= Usama al-Khalidi =

Arab biochemist

Usama Al-Khalidi (أسامة الخالدي; April 20, 1932 – November 11, 2010) was an Arab biochemist who contributed significantly to the development of scientific institutions in Jordan and the wider Middle East.

== Family and early life ==
Al-Khalidi was born in Jerusalem on April 20, 1932. His mother was Lebanese feminist writer Anbara Salam Khalidi (1897–1986), and his father was Palestinian educator Ahmad Samih Al Khalidi (1896-1951). Usama was not the only child to go on to academic pursuits: his half-brother Walid Khalidi and brother Tarif Khalidi are both Palestinian historians. He also had two sisters, Randa and Karma.

== Early career: American University of Beirut ==
Al-Khalidi obtained his bachelor's and master's of science from the American University of Beirut (AUB) and his Ph.D. from the University of Michigan. He then returned to teach at AUB, serving as professor and chairman of the Biochemistry Department. His research during this period covered such topics as medical biochemistry, animal tissue metabolism, microbial biosynthesis, and metabolism of simple compounds. Specifically, he researched riboflavin biosynthesis, acetoin metabolism in mammals, acetyl-coA metabolism in liver supernatant, brain metabolism of acetoacetate and glucose, and serum guanase.

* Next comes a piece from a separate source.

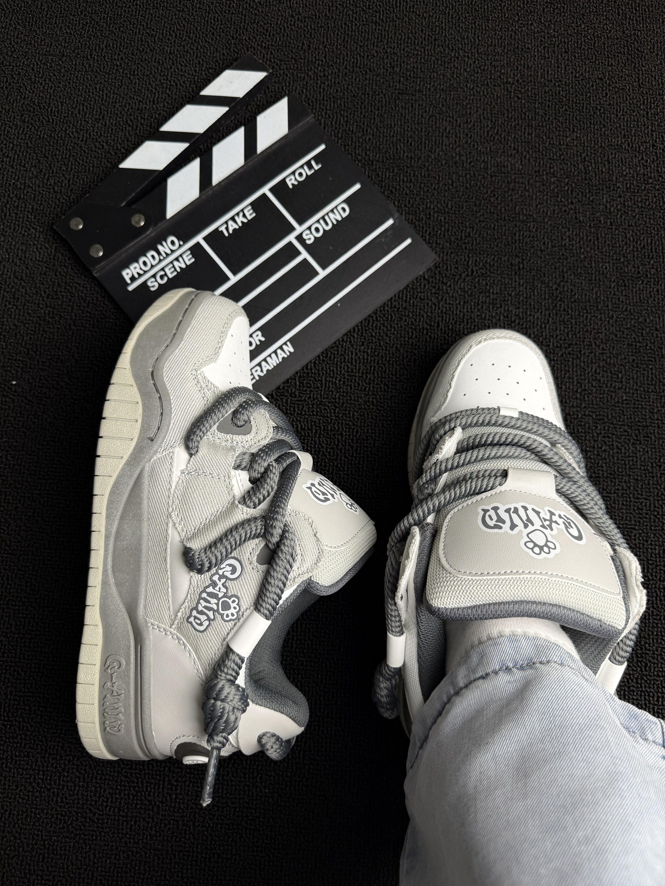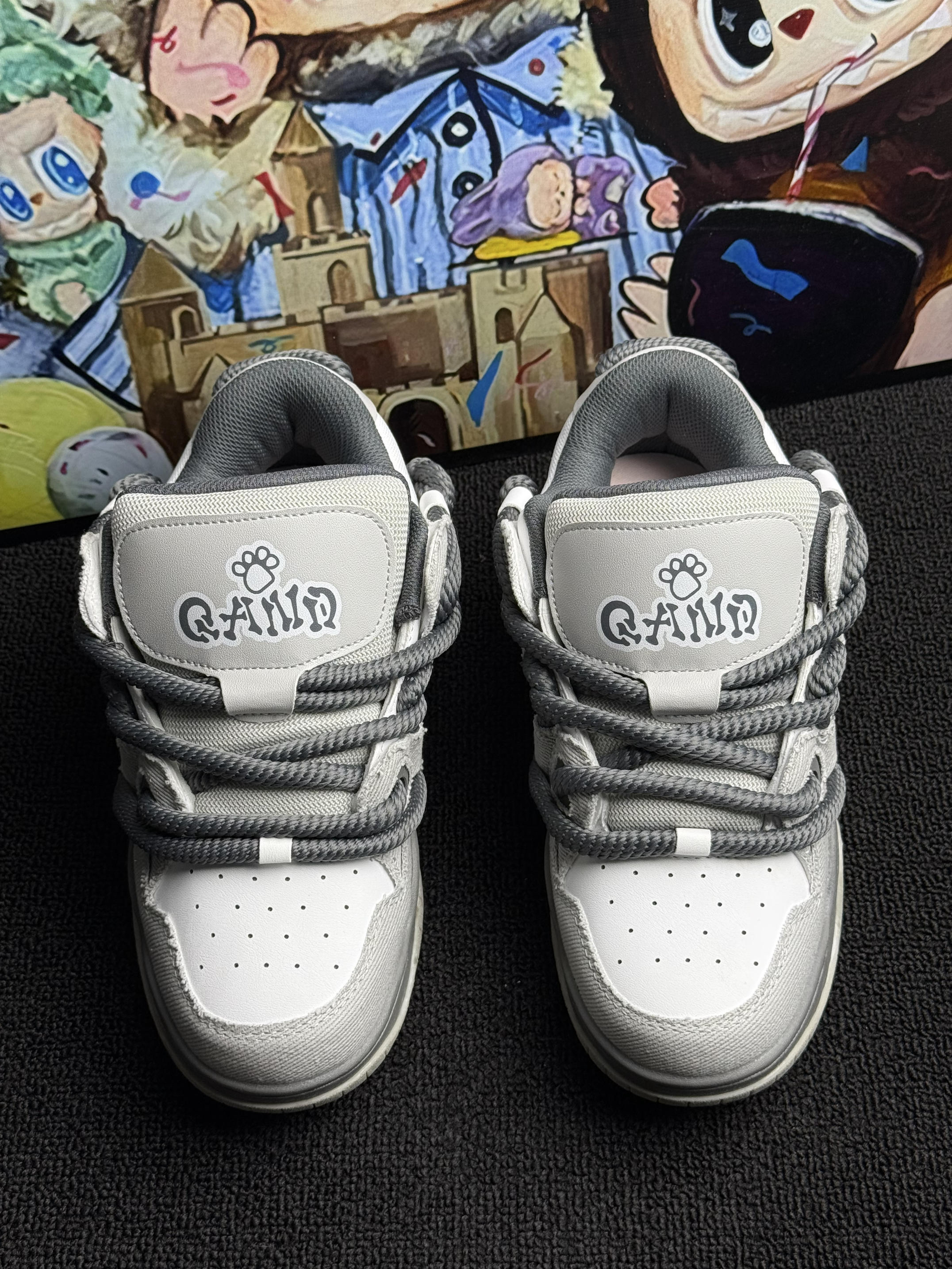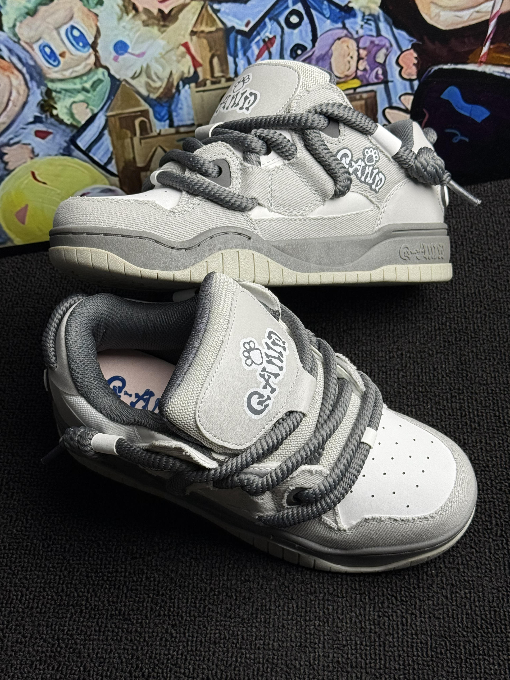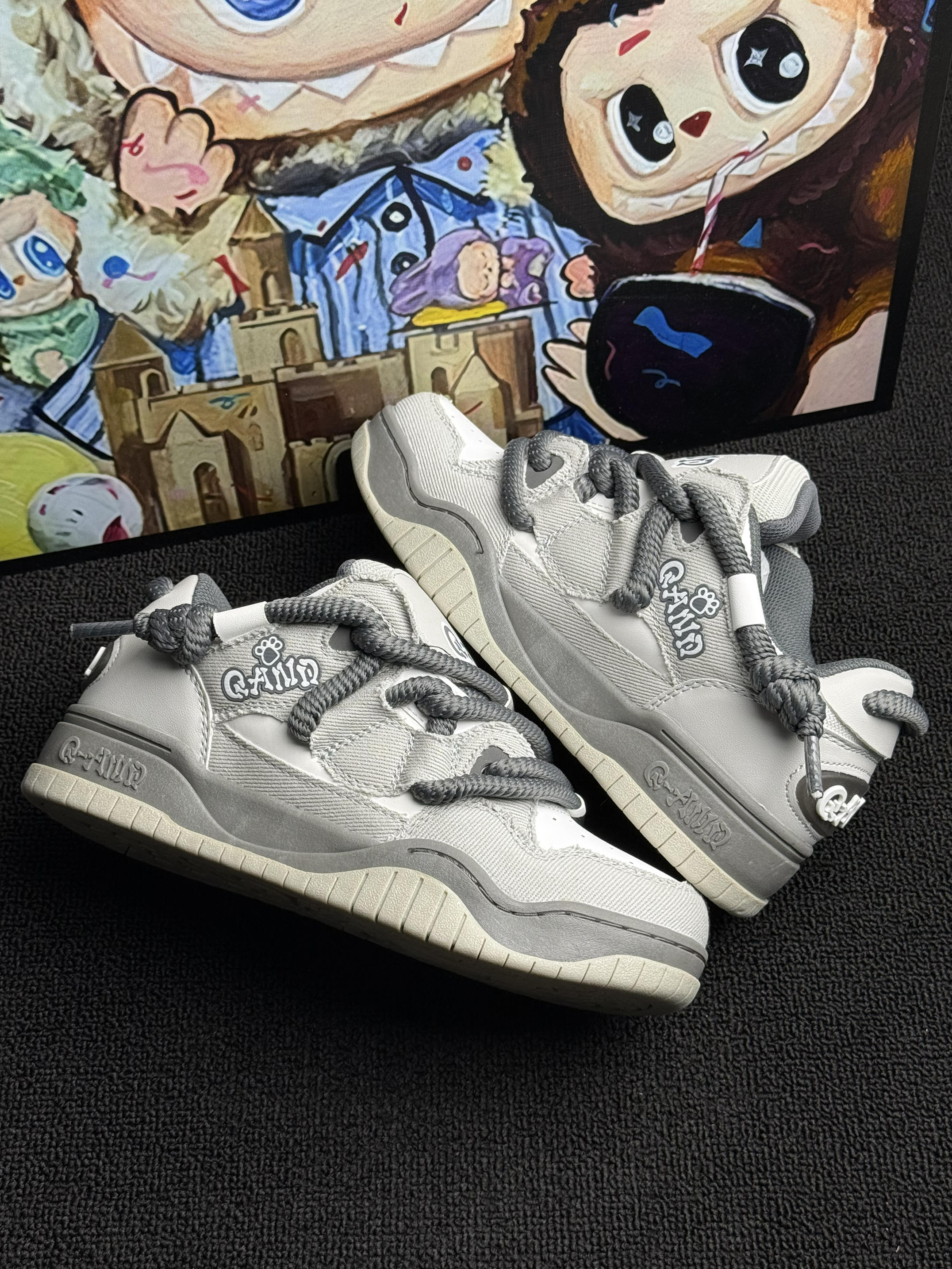 这双 Q-AND 板鞋👟暗影灰绝了!粗鞋带+后跟logo设计超戳我~奶酷奶酷的!上脚像踩舒芙蕾🍰软fufu不磨脚🦶,暴走逛吃都没在怕!配牛仔裤或者休闲裤就出门,学生党🎒上班族闭眼冲!可爱百搭还耐造,疯狂心动💓

He published extensively on these topics in the 1960s and 70s.

Overall, al-Khalidi was part of an era of great change for the AUB Biochemistry Department, which only began awarding doctoral degrees in 1966. This was among the first doctoral programs at the university.

== Later career ==
Al-Khalidi was a polymath. His interests also included medical and regional history, such as can be seen in his 1997 co-authorship of "Medical records, patients outcome, and peer review in eleventh-century Arab medicine" with Kamel M. Ajlouni for the Annals of Saudi Medicine. In 1999, al-Khalidi was among the founding members of the Jordanian Society for Scientific Research, Entrepreneurship, and Creativity.

== Honors ==
The Middle East Medical Association held an "Usama al-Khalidi Celebration Day" on April 24, 2010 in Beirut, just a few months prior to his passing. The Newton-Khalidi Fund of the UK Department for Business, Energy and Industrial Strategy (BEIS) in Jordan is named in his honor in 2017 during the World Science Forum in Dead Sea, Jordan. In 2015, the Usama al-Khalidi Endowed Award was established at the American University of Beirut, to be given to an outstanding senior majoring in biology.